# My first competition



## Flem (Mar 6, 2014)

After 3 years of winemaking, I decided to enter some of my favorites in the American Wine Society's Pittsburgh Conference, Amateur Wine Making Competition.
I received a: silver medal for a 2011 Carmenere
bronze medal for a 2011 Merlot (my very first wine)
bronze medal for a 2011 Pinot Noir
bronze medal for a 2012 Chilean Malbec


----------



## ibglowin (Mar 6, 2014)

Well done. Congrats!


----------



## Runningwolf (Mar 6, 2014)

Flem Congratulations.
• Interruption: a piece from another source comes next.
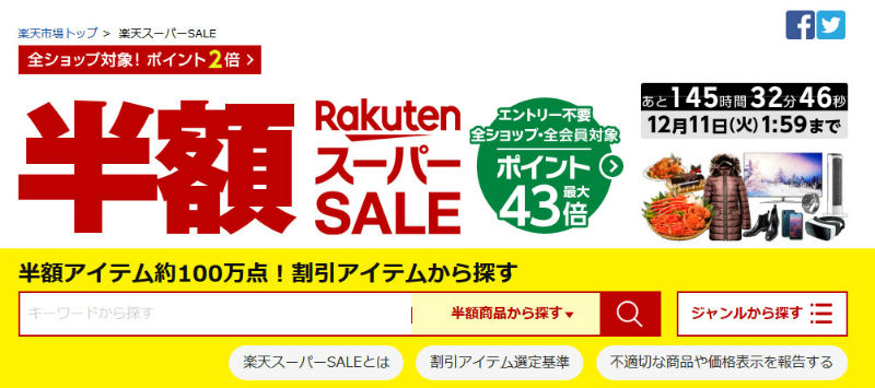 期間は楽天スーパーセールとは少し期間が違って「12月16日(日)23:59まで」です。

When and how did you get the results. I was holding off on saying anything. Congratulations!!!


----------



## cmason1957 (Mar 6, 2014)

Very Well done.


----------



## sour_grapes (Mar 6, 2014)

Congrats! Good stuff!


----------



## joeswine (Mar 7, 2014)

*Congrats*

HA! YES THE SMELL OF METALS IN THE MORNING


----------



## JohnT (Mar 7, 2014)

Way to go man! Congats!


----------



## Julie (Mar 7, 2014)

Congrats Mike!!!


----------



## bakervinyard (Mar 7, 2014)

Congratulations Mike, Great job! Bakervinyard


----------



## Flem (Mar 8, 2014)

Thanks all, for the congrats! It's been fun.


----------



## seth8530 (Mar 9, 2014)

Looks like you did well, congrats! I am still waiting on my first medal.


----------



## the_rayway (Mar 9, 2014)

Oh wow! Well done Flem!!!!


----------



## ffemt128 (Mar 10, 2014)

Congratulations FLEM. A job well done..


----------



## DirtyDawg10 (Mar 10, 2014)

Nice job!


Sent from my iPhone using Wine Making


----------



## peaches9324 (Mar 10, 2014)

congrats mike!


----------



## almargita (Mar 10, 2014)

Congrats Mike , I also entered a couple but I guess they weren't as good as yours. I entered similar wines but mine were as I prefer them , med sweet, just curious we're your dry?

Al 


Sent from my iPhone using Wine Making


----------



## Flem (Mar 10, 2014)

Thanks, Al. As you probably remember, I like my wines bone dry. Especially my reds. I'm sure yours were great. I've sampled a few. Are you going to L'uva Bella for the meet and greet?


----------



## almargita (Mar 10, 2014)

Wish I could, already had other plans made. Not doing any spring Chilan wine this year as exceeded my limit last spring.... Starting to think about the fall harvest though & getting some juices from up in Dan's area. The Niagara & Concord I made a few years ago are becoming really tasty now! Med Sweet, of course....... If plans change, we may drive up to Luva Bella just to to visit & have lunch, It would be nice to see everyone again.........

Al


----------



## tonyt (Mar 11, 2014)

Great job Flem. Pittsburgh competition is an excellent event. You should be very proud. The judges notes in the past have been a bit informal and but still helpful. I entered three this year and earned bronze on my off dry Rubio (Valpolicello/Cab. Sauv/Merlot) and my Nebbliolo. My Pinot Grigio must have been a bit light to have earned recognition. And you'rer right this hobby is loads of fun. Congrats again.


----------



## Flem (Mar 12, 2014)

Thanks Tony, I just sent you a PM


----------



## jswordy (Mar 14, 2014)

I don't know how I missed this post, but many congrats on the great showing!


----------